**WORK REQUEST**
Since pictures are not wanted, repeat only the text of the records, word for word.

**EXTRACTED DATA**
####
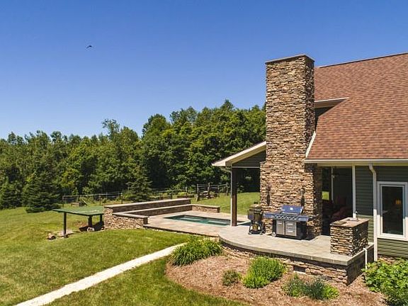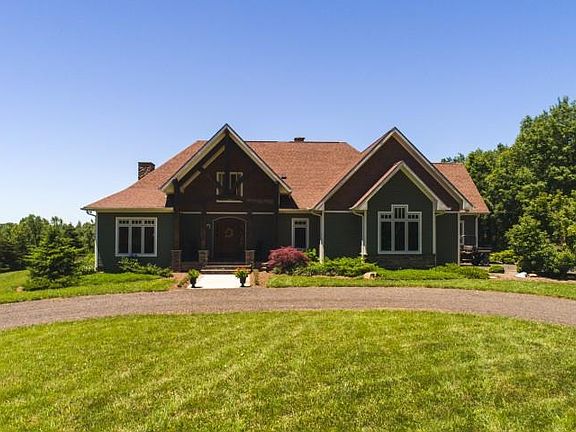 Contemporary Custom built home located in Meadows of Dan, VA area. Home offers unparalleled craftsmanship and exceptional amenties! The massive post and beam work on front facade of this home introduces you to the remarkable design inside and out. Features include gourmet kitchen, granite countertops, barrell ceiling in entrance, custom windows providing plenty of natural lighting, expansive porch (for entertaining) which includes outdoor kitchen, fireplace and TV, gorgeous master suite, exercise room, plus stunning long range views of the Blue Ridge Mountains and Primland Resort., 3,750 Sq Ft finished. 4 bedrooms-3.5 baths. Oversized 2 car garage. Main level: Foyer, Butler's Pantry with built in buffet and storage for Crystal and China. Large Dining Room with custom Wainscoting, recessed lights and Phillip Jeffries Grass Cloth. Living Room with Coffered Ceiling, Exquisite Light Fixtures and Views from 3 sides. Hall connects Foyer,
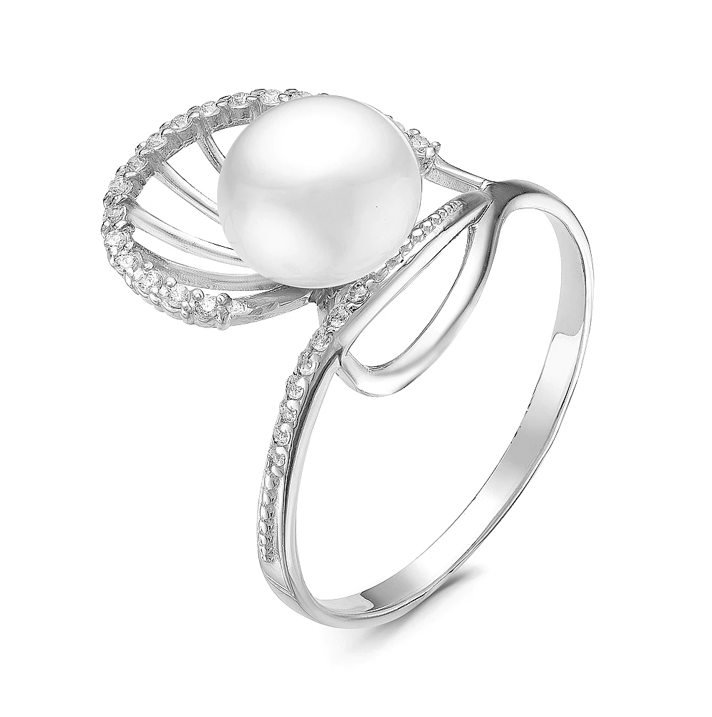 Кольцо выполнено из серебра 925 пробы, украшено фианитами и белой пресноводной жемчужиной формы пуговица (сплющенная).
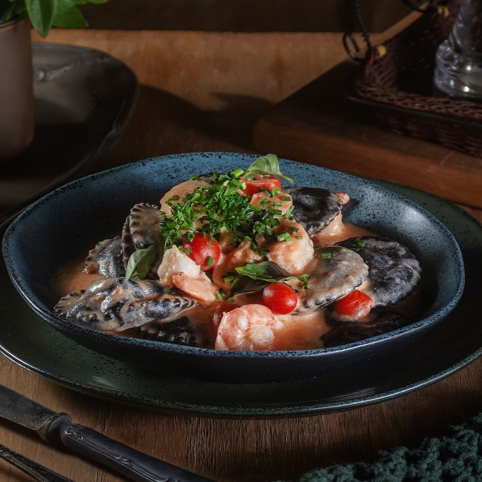 Delicados e frescos, nossos raviolis são massas feitas à mão e tingidas naturalmente com tinta de lula, proporcionando um visual único e um sabor marcante. O recheio é uma combinação sofisticada de camarões suculentos e cremoso cream cheese, que se fundem em cada mordida, criando uma explosão de sabores do mar. Servido com um toque especial de molho de manteiga de ervas, o prato é perfeito para quem busca uma refeição cheia de personalidade. Uma massa ideal para um jantar romântico ou um almoço elegante, o Ravioli Tinta de Lula promete encantar os amantes da culinária italiana e frutos do mar. Sobre a gente: -Nossos pratos são artesanais - Produtos frescos e feitos na nossa cozinha -Atendimento Rápido -Entrega Segura - Localizado na Barra da Tijuca
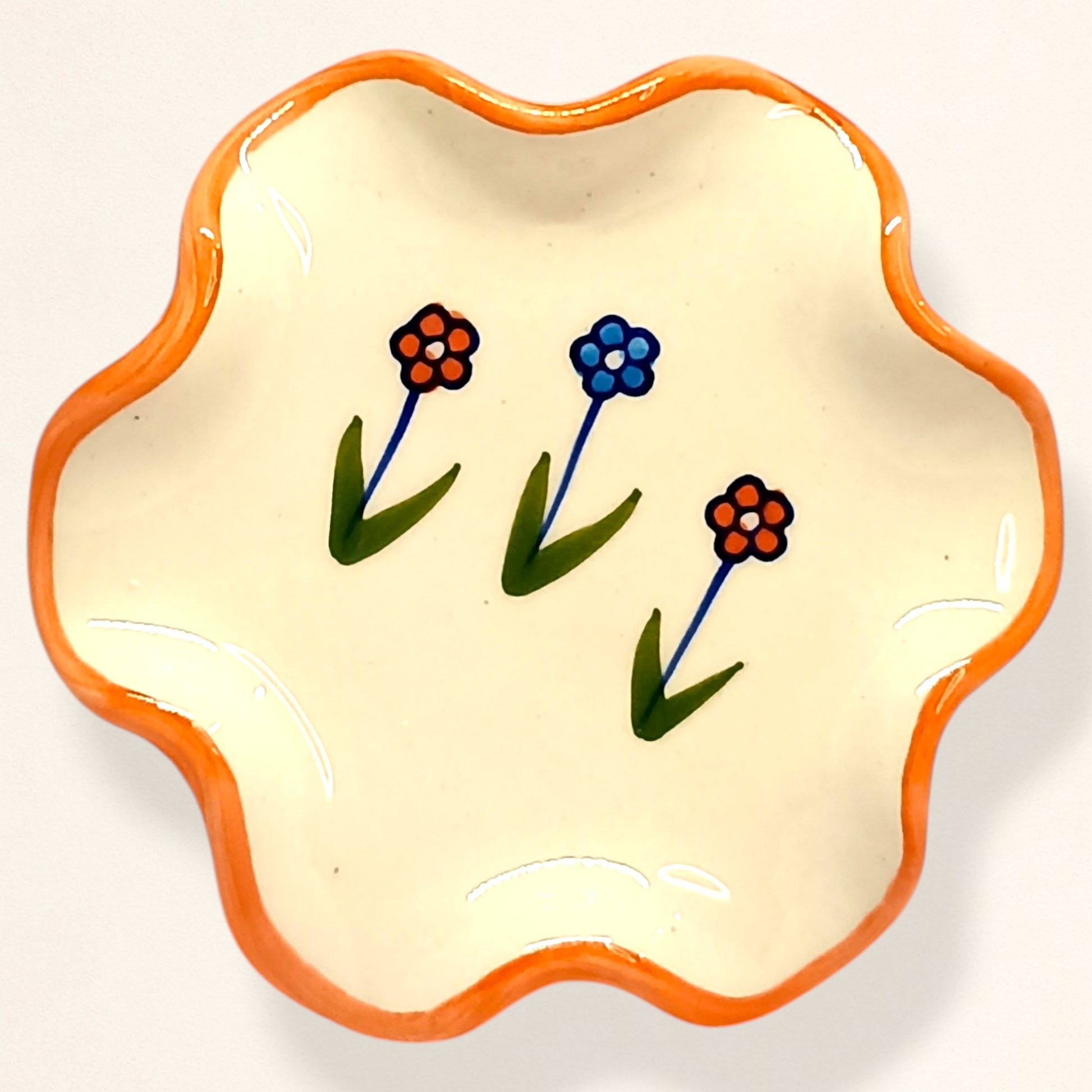 - 🌊 Unique wavy saucer with orange trim for extra charm
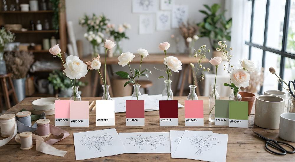 Innan du väljer färger är det viktigt att se till sammanhanget. Vilka färger finns redan i rummet? Väggar, möbler och textilier påverkar hur blomfärger upplevs. En bukett ska komplettera sin omgivning, inte konkurrera med den.
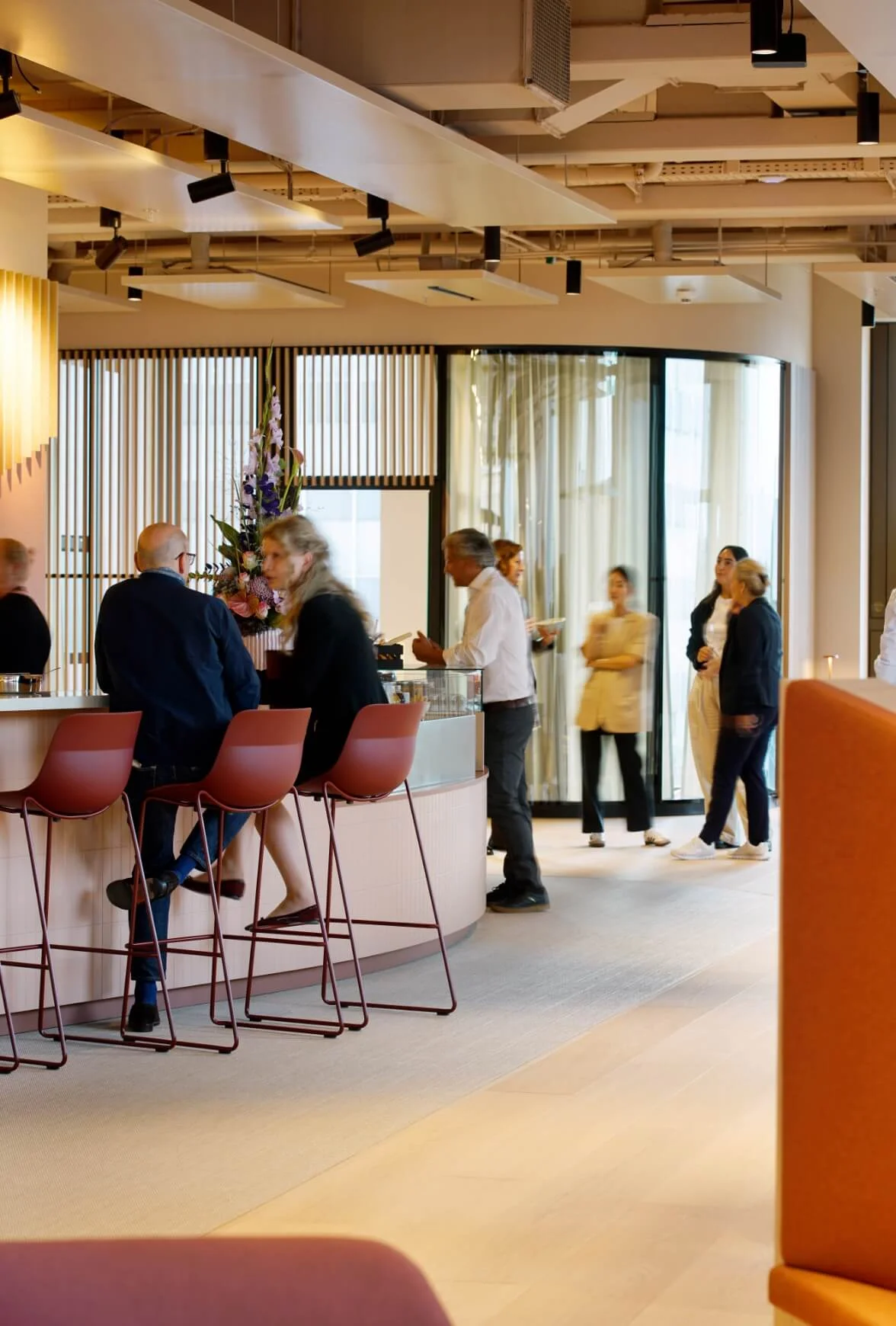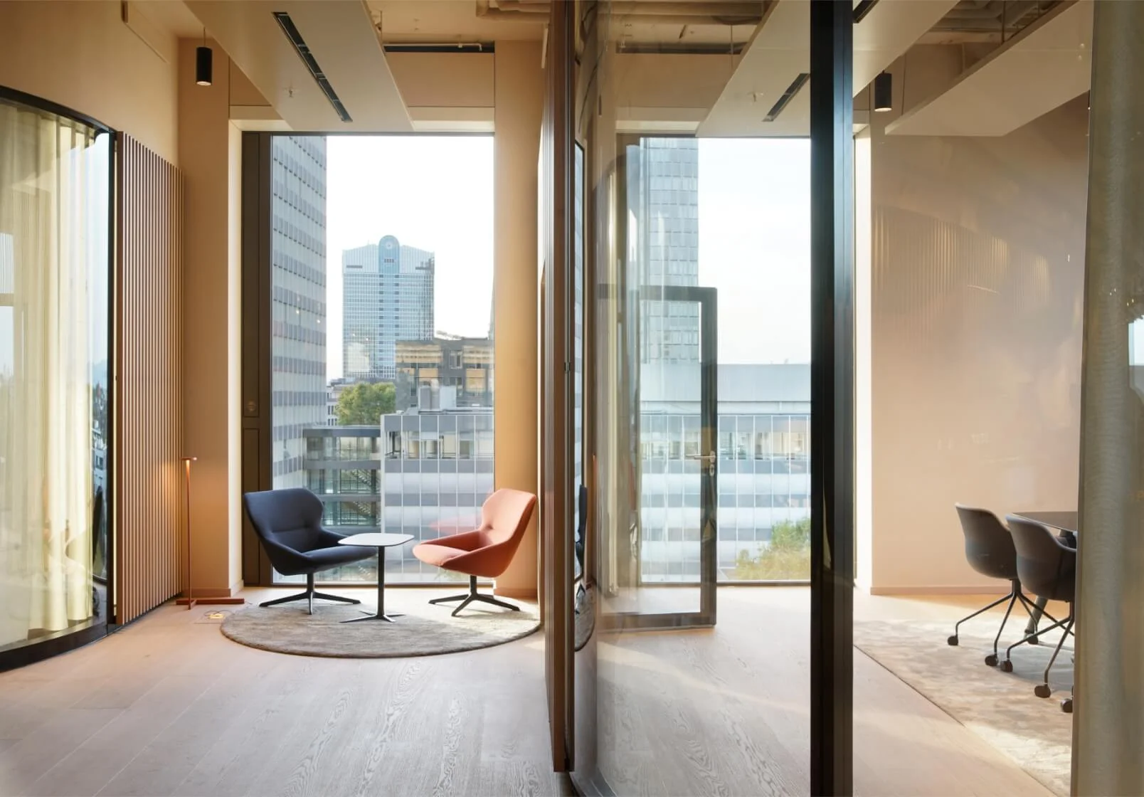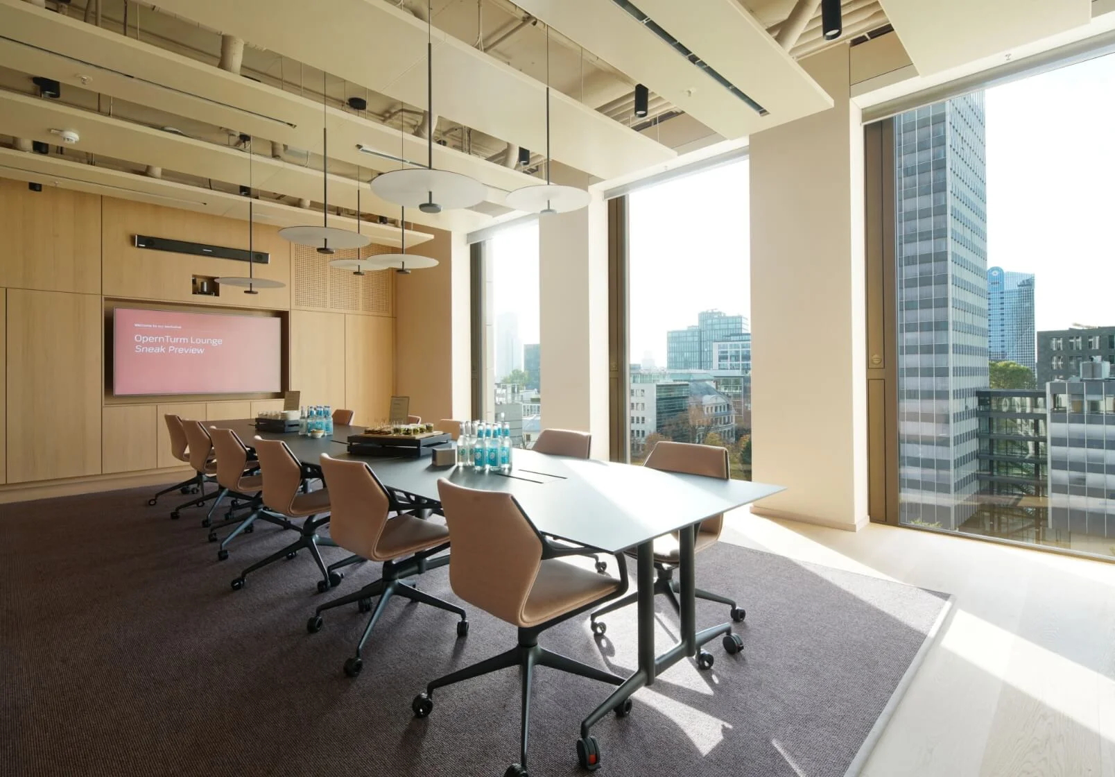 Eine atmosphärische Lounge in hochwertigem Design, eine neu gestaltete Dachterrasse mit Blick über Frankfurt und den Opernplatz, drei Konferenzräume und eine stilvolle Bar – die neue OpernTurm Lounge ist darauf ausgelegt, eine ganze Reihe an Mieterbedürfnissen auf zeitgemäße Art zu erfüllen. Das Raum-, Gastronomie- und Eventkonzept macht die Location zum beliebten Treffpunkt, einem Ort für Meet & Greet, für entspanntes Arbeiten, inspirierende Workshops, Konferenzen und Inhouse-Veranstaltungen.
####
**ANSWER FOR THE TASK**
 Contemporary Custom built home located in Meadows of Dan, VA area. Home offers unparalleled craftsmanship and exceptional amenties! The massive post and beam work on front facade of this home introduces you to the remarkable design inside and out. Features include gourmet kitchen, granite countertops, barrell ceiling in entrance, custom windows providing plenty of natural lighting, expansive porch (for entertaining) which includes outdoor kitchen, fireplace and TV, gorgeous master suite, exercise room, plus stunning long range views of the Blue Ridge Mountains and Primland Resort., 3,750 Sq Ft finished. 4 bedrooms-3.5 baths. Oversized 2 car garage. Main level: Foyer, Butler's Pantry with built in buffet and storage for Crystal and China. Large Dining Room with custom Wainscoting, recessed lights and Phillip Jeffries Grass Cloth. Living Room with Coffered Ceiling, Exquisite Light Fixtures and Views from 3 sides. Hall connects Foyer,
 Кольцо выполнено из серебра 925 пробы, украшено фианитами и белой пресноводной жемчужиной формы пуговица (сплющенная).
 Delicados e frescos, nossos raviolis são massas feitas à mão e tingidas naturalmente com tinta de lula, proporcionando um visual único e um sabor marcante. O recheio é uma combinação sofisticada de camarões suculentos e cremoso cream cheese, que se fundem em cada mordida, criando uma explosão de sabores do mar. Servido com um toque especial de molho de manteiga de ervas, o prato é perfeito para quem busca uma refeição cheia de personalidade. Uma massa ideal para um jantar romântico ou um almoço elegante, o Ravioli Tinta de Lula promete encantar os amantes da culinária italiana e frutos do mar. Sobre a gente: -Nossos pratos são artesanais - Produtos frescos e feitos na nossa cozinha -Atendimento Rápido -Entrega Segura - Localizado na Barra da Tijuca
 - 🌊 Unique wavy saucer with orange trim for extra charm
 Innan du väljer färger är det viktigt att se till sammanhanget. Vilka färger finns redan i rummet? Väggar, möbler och textilier påverkar hur blomfärger upplevs. En bukett ska komplettera sin omgivning, inte konkurrera med den.
 Eine atmosphärische Lounge in hochwertigem Design, eine neu gestaltete Dachterrasse mit Blick über Frankfurt und den Opernplatz, drei Konferenzräume und eine stilvolle Bar – die neue OpernTurm Lounge ist darauf ausgelegt, eine ganze Reihe an Mieterbedürfnissen auf zeitgemäße Art zu erfüllen. Das Raum-, Gastronomie- und Eventkonzept macht die Location zum beliebten Treffpunkt, einem Ort für Meet & Greet, für entspanntes Arbeiten, inspirierende Workshops, Konferenzen und Inhouse-Veranstaltungen.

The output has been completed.